阿金霍夫脸上的愤怒顷刻间就烟消云散了,就连放在枪套上的手也不知道该往哪里放合适了,而这一切自然没有逃过罗蒙的眼睛。
“你最近的胆子可真不小!”罗蒙突然一把揪住阿金霍夫的衣领,“竟敢不及时向我汇报齐楚雄的一举一动,别以为我不知道你心里在想些什么!我告诉你,就算你把事情的真相说出来也无济于事,因为他们根本不会原谅一个出卖朋友的人!”
“这都是你们逼着我做的!”阿金霍夫的眼神中写满了悲愤。
“您倒是挺会为自己的懦弱寻找理由。”罗蒙讥讽道:“可是那些人的名字都是您亲自写在自白书上的,只要我把这件事情说出去,那些战俘们就会发现原来他们心目中的英雄竟然是一个靠出卖战友才活下来的小人,到时候我看你还有什么面目活在这个世界上。”
“不……我求求您不要这样做……我愿意发誓绝不背叛您……”阿金霍夫的精神防线崩溃了,他弯下了腰,像个低三下四的乞丐那样苦苦哀求着罗蒙。

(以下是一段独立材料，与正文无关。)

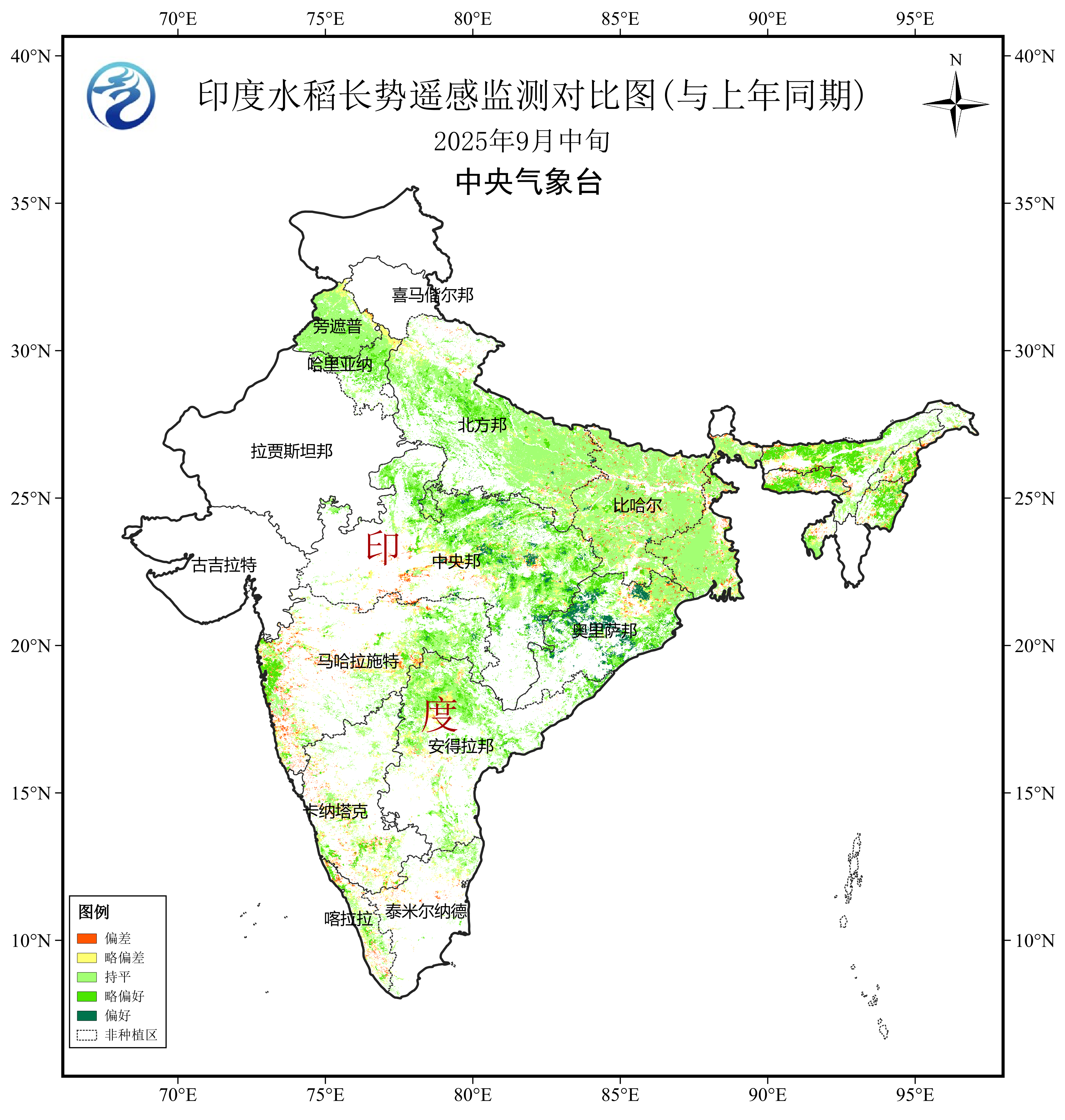 9月中旬卫星遥感监测结果显示:印度水稻长势与上年同期相比,持平比例为71%,偏好比例为15%,偏差比例为14%(图11),长势与上年同期持平。
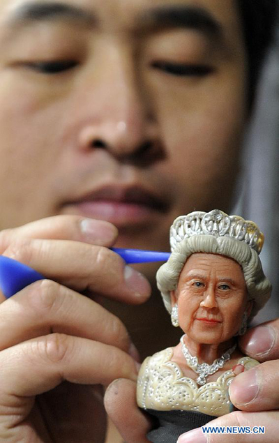 Zhang Hongming, a dough modelling craftsman, works on a dough figurine of Queen Elizabeth II at his studio in Changchun, capital of northeast China's Jilin Province, Dec. 1, 2013. 33-year-old Zhang started nine years ago to make a living by making dough modellings, a skill he learned from a travelling craftsman, after he got laid-off from his post at a grain depot. Now Zhang is already a famous dough modelling master in Jilin with his works going into museum collections. (Xinhua/Wang Haofei)

“算你还识相。”罗蒙松开了手,“说!齐楚雄昨天晚上都和你们说了些什么?”
“他当众宣布布尔琴科就是‘光明天使’的成员,而且还说他近期将与这个组织的领导人会面,共同商议发动起义的计划……”阿金霍夫一五一十的将昨晚发生的事情全部告诉了罗蒙
“这个狗娘养的中国佬野心还不小,但是他却不知道我已经为他布下了一张天罗地网!”罗蒙嘴边露出了一缕轻蔑的笑容,接着又问道:“那他打算什么时候,在什么地点和‘光明天使’的领导人见面呢?”
“对不起,他昨天晚上没有提起这件事情……”
“混蛋!那你为什么不去问个明白?”罗蒙脸上顿时青筋暴涨。
“我担心自己这样做会引起怀疑,所以才没敢问下去。”阿金霍夫说,“他现在认为那张小纸条只是一个挑拨离间的计谋,而实际上他身边根本没有内奸,但是如果我非要当场搞清楚这件事情的话,一旦他对我起了疑心,那事情就不好办了。”
罗蒙盯着阿金霍夫苍白的脸庞看了半天,突然微微一笑,“真没想到您的脑子还挺聪明的,居然还知道在这种场合下不能轻易暴露自己。”
阿金霍夫嘴唇哆嗦了一下,可是却一句话都说不出来。
“好了,亲爱的格里高利·伊万诺维奇,我说话从来都是算数的,只要您可以打听出齐楚雄和‘光明天使’领导人会面的地点和时间,我就会让您和自己的女儿过上无忧无虑的生活。”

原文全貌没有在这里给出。